The workflow of the model is as follows:

Input the output of the CDWE-BiLSTM model, first convert to get a hidden code, and then input the hidden code into the Mapping network decoupling, to get an intermediate vector, these intermediate vectors will be subsequently passed to the generative network to get 18 control vectors, these 18 control vectors two by two, passed into the Synthesis network of nine convolutional layers These 18 control vectors are passed in pairs to the AdaIN module of the Synthesis network, and a scaled noise is added to each channel before each AdaIN module, and finally a virtual face image based on the text description is output.

  1. Mapping network: With the increase in the number of convolutional layers, the phenomenon of feature entanglement between a large number of subsequent control vectors occurs, and the Mapping network cleverly solves the problem of feature entanglement, and the Mapping network consists of eight fully connected layers.
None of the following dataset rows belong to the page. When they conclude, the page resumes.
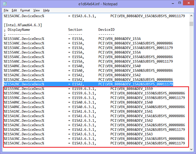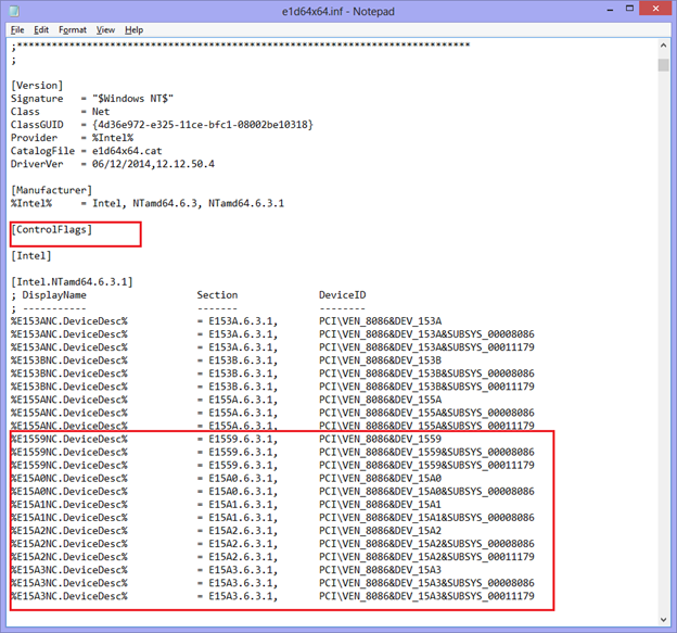 All you need to do is to copy the [Intel.NTamd64.6.3.1] section to notepad.exe and replace all instances of “.6.3.1,” with “,” then copy that section to [Intel.NTamd64.6.3] The advantage is that we use the correct DDInstall Section for server rather than for workstation.
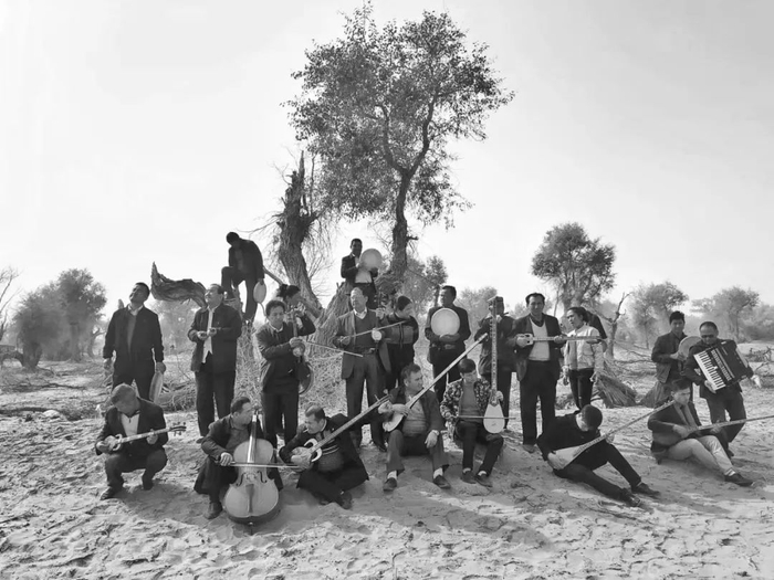 倒下的胡杨在一片荒漠里以不朽的姿态和我们对话,民间艺人带着他们的乐器,站立于天地之间,属于这片土地上的音乐和歌谣响动起来。沙丘后面冒出几个脑袋,艺人们渐渐被闻声而来的听众聚拢。王丽娜带着黑色的帽子,一身黑色卫衣和牛仔裤,举着一只巴掌大小的相机,瘦小的身影穿梭在人群中。
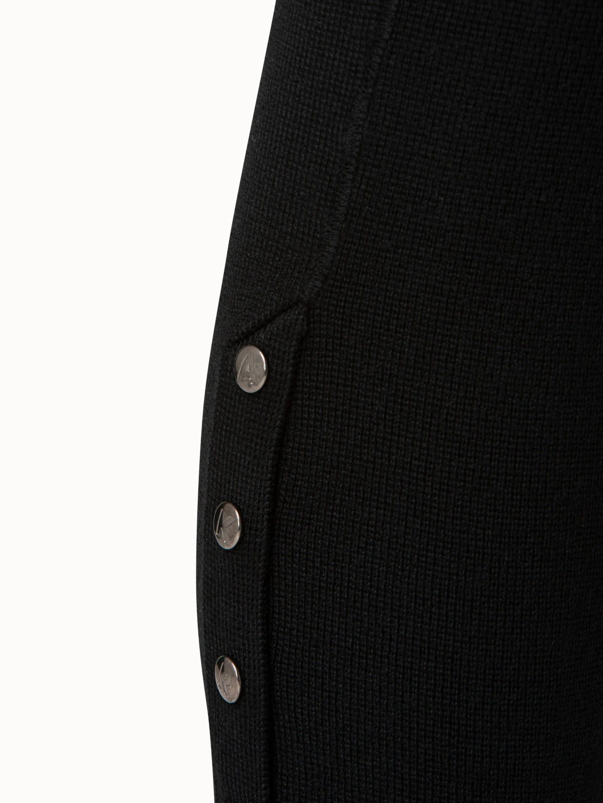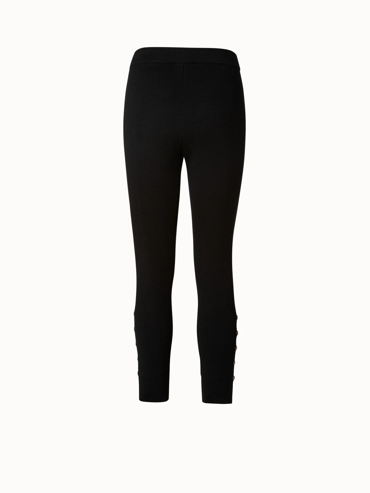 Discover a unique update to leggings with this Akris design in a luxuriously soft wool-silk blend knit with ankle snap detail. The ribbed waistband hugs the body comfortably, while the fine knit fabric creates an upscale look.
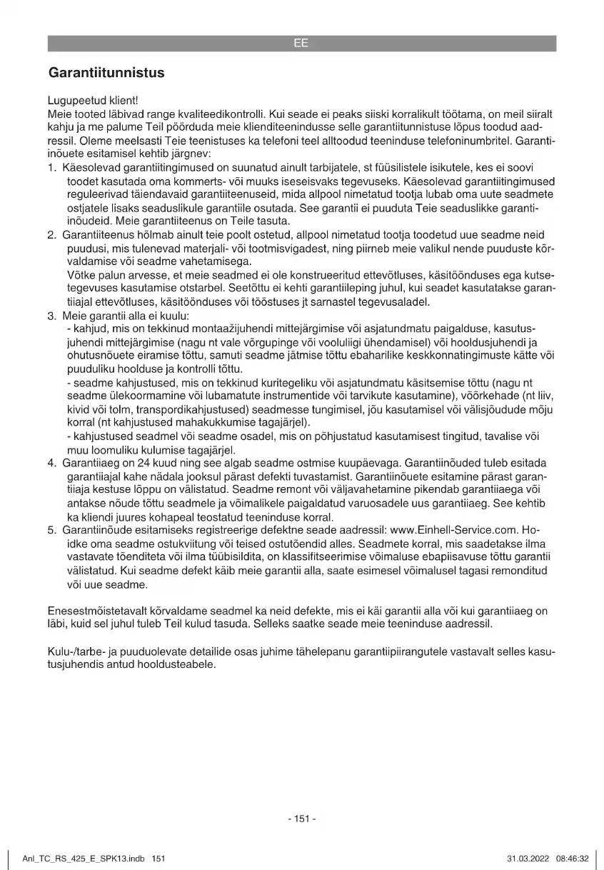 nepieciešamās rezerves daļas numurs. Pašreizējās cenas un informācija ir pieejama tīmekļa vietnē www.Einhell-Service.com. Anl_TC_RS_425_E_SPK13.indb 154Anl_TC_RS_425_E_SPK13.indb 154 31.03.2022 08:46:3331.03.2022 08:46:33LV
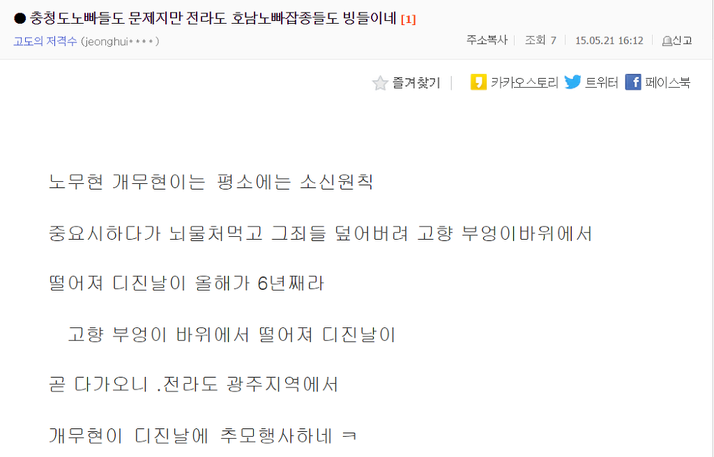 타살이라고 사기까지쳐서 찬양질하지 ㅋㅋㅋ니네 개상도친노들위해서 ㅁ
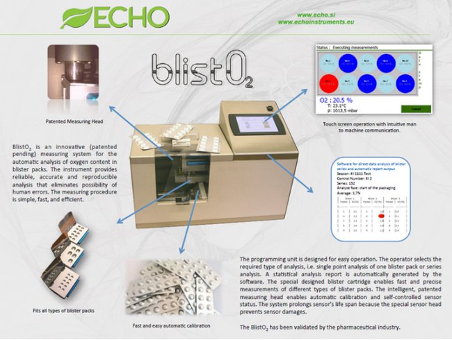 BlistO2 is an innovative (patent pending) measuring system for automatic analysis of oxygen content in blister packs. The analysis is accurate, reproducible, and eliminates the possibility of human errors.
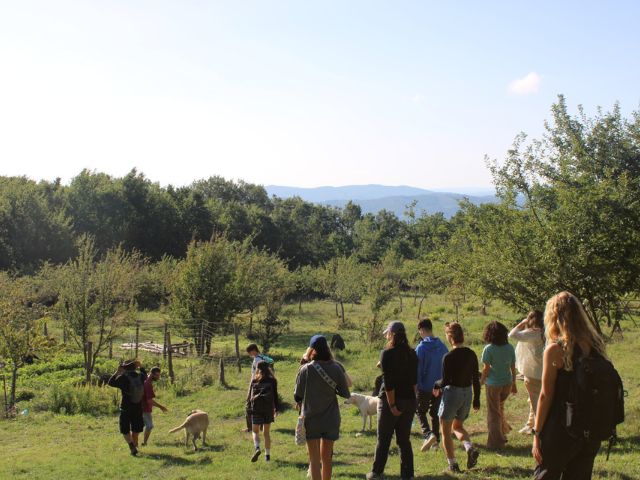 Ciao! The Terra 23 group has been whisked away to the Italian countryside at the beautiful property of Panta Rei in Umbria. We’ve been knee-deep in orientation activities- fun games, learning about tools to build a healthy community, getting to know each other, and immersing ourselves in Italian language and culture. We have been spending time with Tom and Mauro from Panta Rei, running around the property for a scavenger hunt, learning about mushrooms, and gaining insight to the sustainable designs of the property. The farm dogs Fred, Muschio, and Nia have been a huge hit and are receiving many pets.
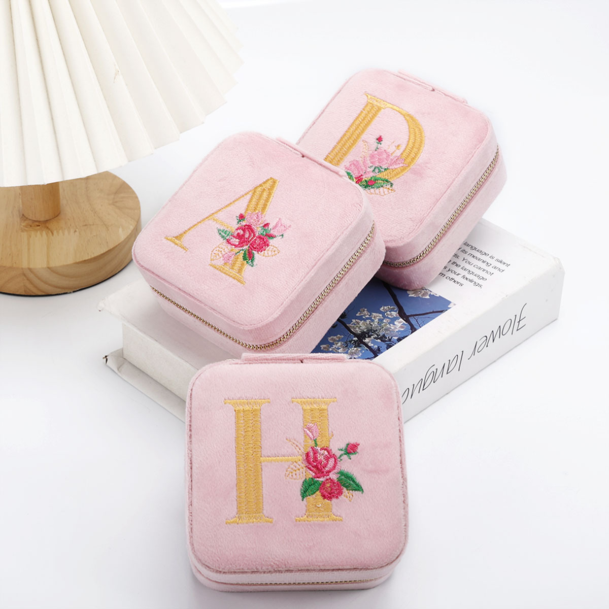 Qingyu Packaging Velvet Jewelry Box Letter Embroidery with Mirror Portable Ring Necklace Jewelry Storage Box
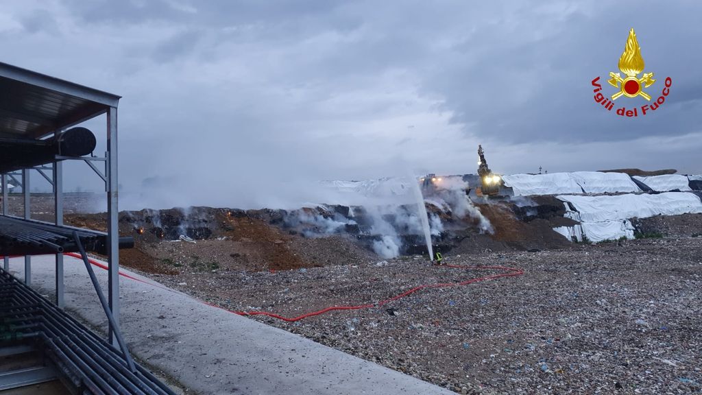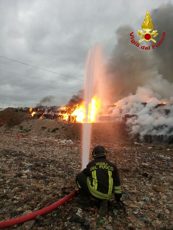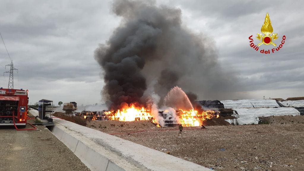 Imponenti le fiamme a cumuli di rifiuti che hanno richiesto l'intervento delle squadre dei vigili del fuoco di Asti e da Nizza con un'autobotte.

  2. Synthesis network is the core part of StyleGAN, its main role is to merge the potential vectors of Mapping network with the noise vectors and pass the merged vectors to the generator network to generate images.

  3. Fine-tuning. AdaIN is an important module in StyleGAN and its formula is: \[\label{GrindEQ__21_} AdaIN\left(x_{i} ,y\right)=y_{s,i} \frac{x_{i} -\mu \left(x_{i} \right)}{\sigma \left(x_{i} \right)} . \tag{21}\]

    Expanding \(w\) by a learnable affine transform into a scaling factor \(y_{s,i}\) and a deviation factor \(y_{b,i}\), which will do a weighted sum with the normalized convolutional output, completes the process of \(w\) influencing the original output \(x_{i}\) at a time. By fine-tuning the scaling factor, the adjustment of face image information can be realized.

3. Validation of text-generated face image models

With the development of deep convolutional technology, the application of text-driven face image synthesis and editing in the fields of live video broadcasting and AI attack and defense has been widely expanded to achieve semantically consistent editing of face images. The goal of text-driven face image generation is to generate face images through text manipulation, and face images have a wide range of applications in various fields, including but not limited to identity authentication, pedestrian re-identification, and security monitoring. The richness of this series of application scenarios not only highlights the importance of face images in social life, but also its far-reaching impact in multiple fields, which has become a distinctive symbol of today’s digital era. This chapter focuses on the validation of the relevant models for text-generated face images, which provides a certain foundation for the research of text-generated face images.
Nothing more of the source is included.